The structure is typical of what Peter Nicholls in the
Science Fiction Encyclopedia calls "conceptual breakthrough" stories. This one is impressive because Aldiss,
knowing that the reader knows the fundamental element the main character doesn't know from the beginning, still manages
a continuing series of surprises, an increasing sense of revelation, and manages to make the surprises and the
ultimate "truth" thematically worthwhile.

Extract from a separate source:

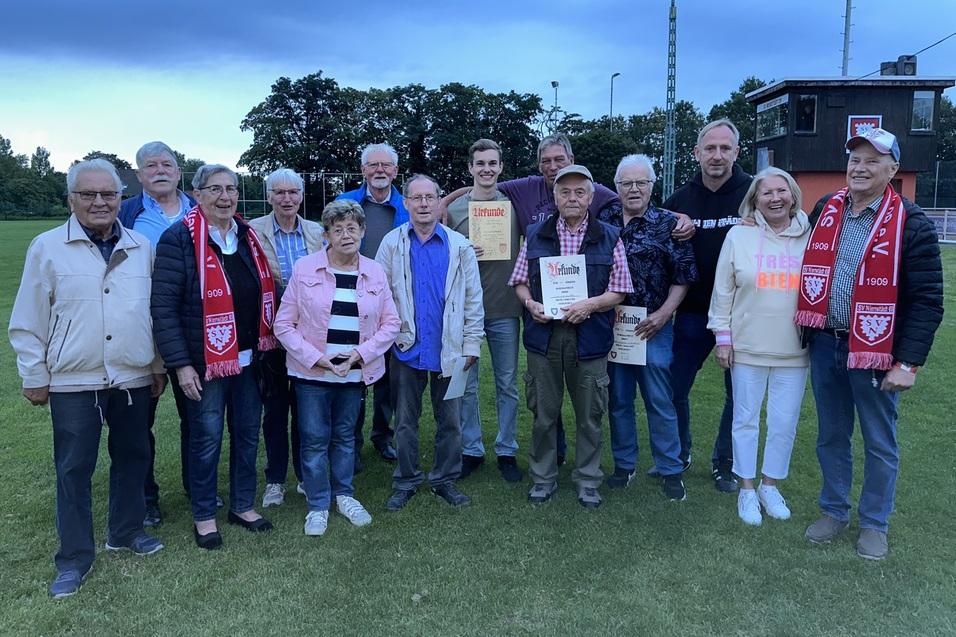 Dabei folgten rund 100 Mitglieder, Freunde und nahstehende Personen der Einladung und versammelten sich ab 18:30 Uhr auf dem Sportgelände. Der Vorstand begrüßte alle anwesenden Gäste recht herzlich. Das Sommerfest ist nicht nur Anlass, um einen gemeinsamen Abend zu verbringen, sondern auch eine passende Gelegenheit, um Danke zu sagen. Deshalb wurden alle Jubilare (20, 40, 60, 70 sowie 75-jährige Mitgliedschaft) zum Fest eingeladen und vor Ort mit einer Urkunde ausgezeichnet. Auch viele ehrenamtliche Helfer erhielten im Vorfeld eine Einladung zum Fest. Doch der Vorstand hatte noch drei weitere Überraschungen im Ärmel. Renate Ketz durfte sich für ihre langjährige Tätigkeit in der Turnsparte über eine gesonderte Ehrung freuen. Zudem wurde Ingo Goldmann, langjähriger Verwalter des Jugendförderclubs, ebenfalls für sein Engagement ausgezeichnet. Auch wurden die Leistungen unseres aktuellen Jugendleiters André Deppmeier hervorgehoben. Zu seinen Ehren hielt der NFV-Kreisvorsitzende Reinhard Stemme eine kleine Rede und dankte André für sein unglaubliches Engagement im Jugendfußball als auch im Verein im Gesamten. Nachdem die Ehrungen zelebriert wurden, wurde das Buffet mit Bratwurst und vielen selbstgemachten Salaten endlich eröffnet. Der Abend bot allerdings noch eine weitere Überraschung: die durch Crowdfunding finanzierte und professionell komponierte Vereinshymne feierte Premiere! Ab sofort wird sie regelmäßig im Schierbachstadion laufen.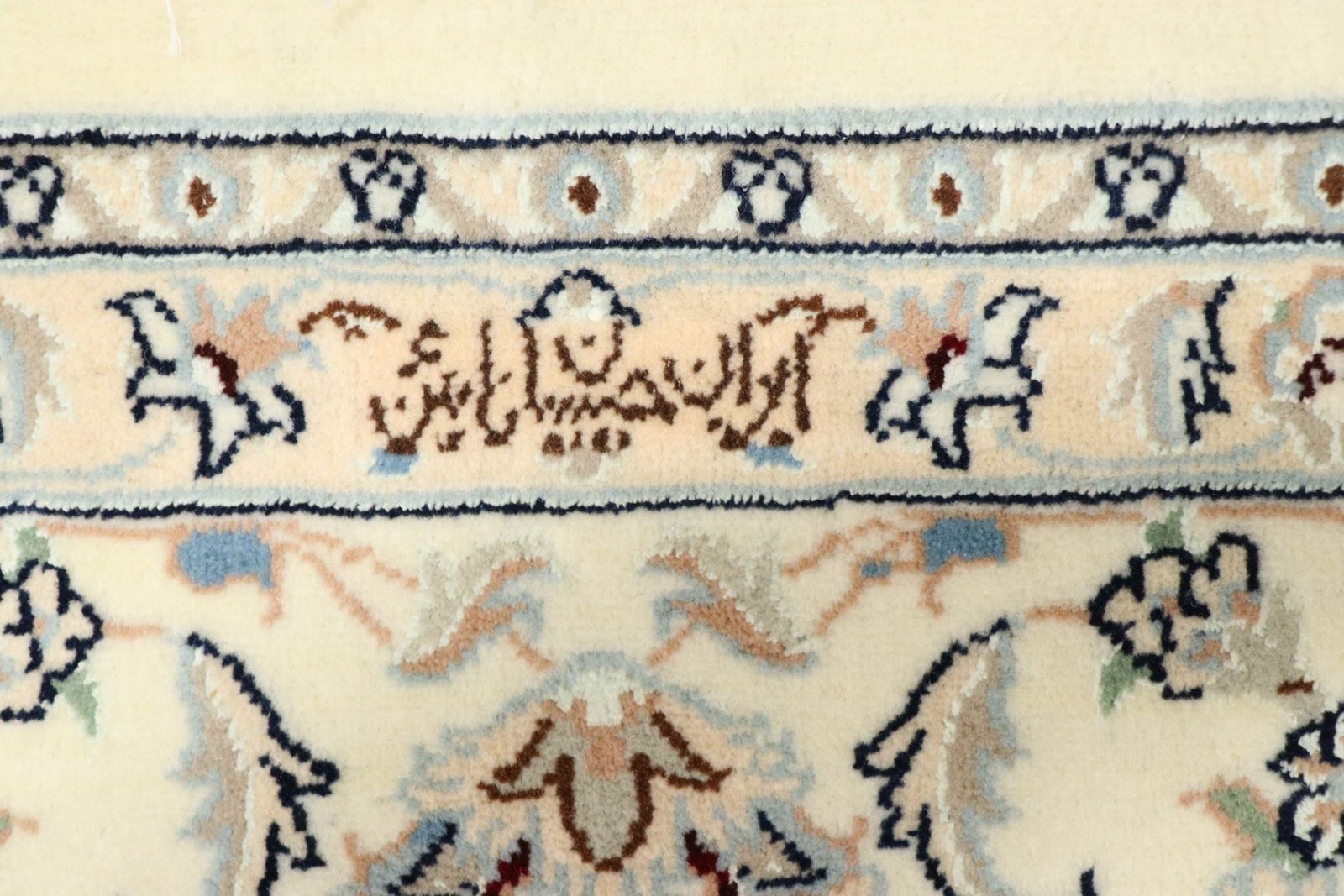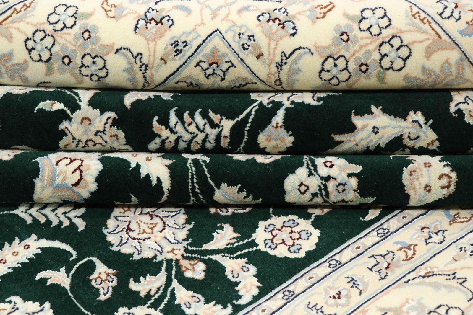 Nain, a picturesque town in southern Persia, is famous for its exquisite carpets. Carpets from Nain are characterised by their fine quality and elegant colour schemes, particularly their white and light blue silk tones. This town has a long tradition of carpet weaving, shaped by renowned masters who are known for their outstanding craftsmanship. Classic oriental carpets from Nain are unique, hand-knotted pieces whose typical patterns are passed down from generation to generation. The manufacturing method, materials and motifs reflect the cultural characteristics of the region. Particularly high-quality Persian carpets, such as those from Nain, impress with their first-class materials, high knot density and harmonious colours. Whether made from precious silk or soft cork wool, a Nain carpet adds a special and luxurious touch to any room.

For this edition Aldiss has made a number of minor revisions. As he writes:
Aldiss rings several clever changes on the general concept of the generation ship. The book is full of revelations, some expected by the experienced reader, some quite surprising. By and large, it's a worthwhile and original novel, though there are weaknesses. The opening sections, despite a fair amount of action, drag a bit. The closing sections move very quickly, but partly this movement is propelled by some plot silliness (a hard-to-believe, and late-introduced, love story, Complain getting accepted into Forwards society too easily, and some silly biology to drive the critical crisis that first caused the ship's problem, and which then leads to the moving final situation). Still, in the context of 50s SF, the scientific silliness is pretty much par for the course, and it's used in the service of a striking and rather bitter conclusion. It's definitely early Aldiss, and by no means his best work, but Non-Stop is nonetheless worth reading, and quite a significant contribution to the long SF history of generation ship novels.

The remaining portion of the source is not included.